WHAT YOU NEED TO DO:
When you restate the data, keep every word as it is and drop the images.

PROVIDED MATERIAL:
^^^^^^^^

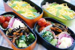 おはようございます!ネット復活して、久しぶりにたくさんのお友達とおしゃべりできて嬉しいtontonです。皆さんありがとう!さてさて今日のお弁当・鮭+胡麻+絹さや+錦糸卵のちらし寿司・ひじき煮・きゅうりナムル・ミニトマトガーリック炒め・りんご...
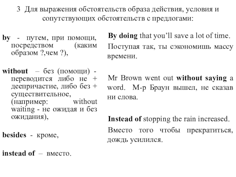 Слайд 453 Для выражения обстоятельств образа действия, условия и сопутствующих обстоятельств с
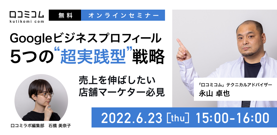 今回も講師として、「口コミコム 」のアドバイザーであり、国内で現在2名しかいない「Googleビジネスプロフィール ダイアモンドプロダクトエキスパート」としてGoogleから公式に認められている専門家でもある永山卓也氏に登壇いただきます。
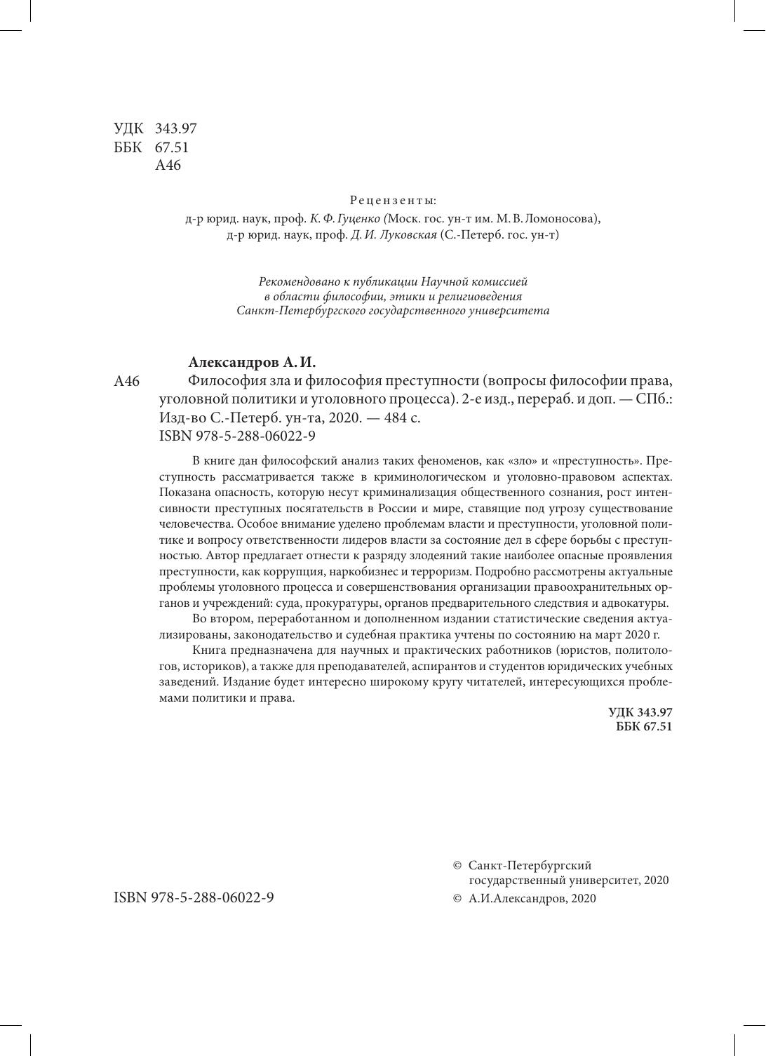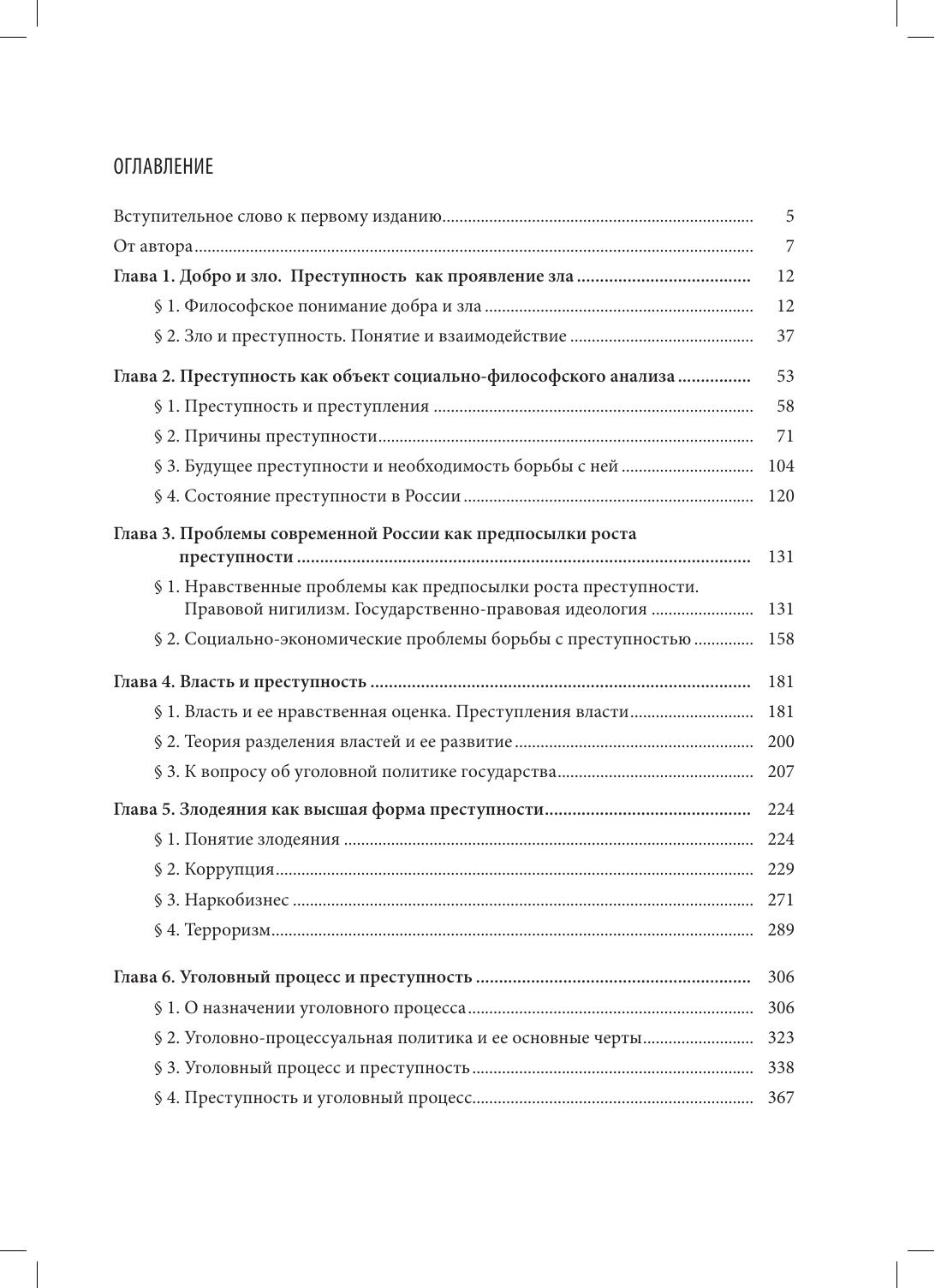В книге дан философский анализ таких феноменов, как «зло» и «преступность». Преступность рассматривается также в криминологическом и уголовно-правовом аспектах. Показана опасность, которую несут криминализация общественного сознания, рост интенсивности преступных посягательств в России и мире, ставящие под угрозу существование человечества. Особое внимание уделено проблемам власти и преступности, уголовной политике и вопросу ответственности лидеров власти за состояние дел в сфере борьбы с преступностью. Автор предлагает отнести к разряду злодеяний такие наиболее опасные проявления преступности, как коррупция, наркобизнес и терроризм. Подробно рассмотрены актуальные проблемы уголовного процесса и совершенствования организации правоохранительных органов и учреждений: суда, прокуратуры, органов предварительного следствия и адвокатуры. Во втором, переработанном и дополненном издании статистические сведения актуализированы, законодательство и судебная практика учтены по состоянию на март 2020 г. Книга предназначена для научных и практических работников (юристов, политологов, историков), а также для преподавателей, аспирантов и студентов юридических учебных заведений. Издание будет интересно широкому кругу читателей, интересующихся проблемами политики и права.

^^^^^^^^

RESPONSE AREA:
 おはようございます!ネット復活して、久しぶりにたくさんのお友達とおしゃべりできて嬉しいtontonです。皆さんありがとう!さてさて今日のお弁当・鮭+胡麻+絹さや+錦糸卵のちらし寿司・ひじき煮・きゅうりナムル・ミニトマトガーリック炒め・りんご...
 Слайд 453 Для выражения обстоятельств образа действия, условия и сопутствующих обстоятельств с
 今回も講師として、「口コミコム 」のアドバイザーであり、国内で現在2名しかいない「Googleビジネスプロフィール ダイアモンドプロダクトエキスパート」としてGoogleから公式に認められている専門家でもある永山卓也氏に登壇いただきます。
В книге дан философский анализ таких феноменов, как «зло» и «преступность». Преступность рассматривается также в криминологическом и уголовно-правовом аспектах. Показана опасность, которую несут криминализация общественного сознания, рост интенсивности преступных посягательств в России и мире, ставящие под угрозу существование человечества. Особое внимание уделено проблемам власти и преступности, уголовной политике и вопросу ответственности лидеров власти за состояние дел в сфере борьбы с преступностью. Автор предлагает отнести к разряду злодеяний такие наиболее опасные проявления преступности, как коррупция, наркобизнес и терроризм. Подробно рассмотрены актуальные проблемы уголовного процесса и совершенствования организации правоохранительных органов и учреждений: суда, прокуратуры, органов предварительного следствия и адвокатуры. Во втором, переработанном и дополненном издании статистические сведения актуализированы, законодательство и судебная практика учтены по состоянию на март 2020 г. Книга предназначена для научных и практических работников (юристов, политологов, историков), а также для преподавателей, аспирантов и студентов юридических учебных заведений. Издание будет интересно широкому кругу читателей, интересующихся проблемами политики и права.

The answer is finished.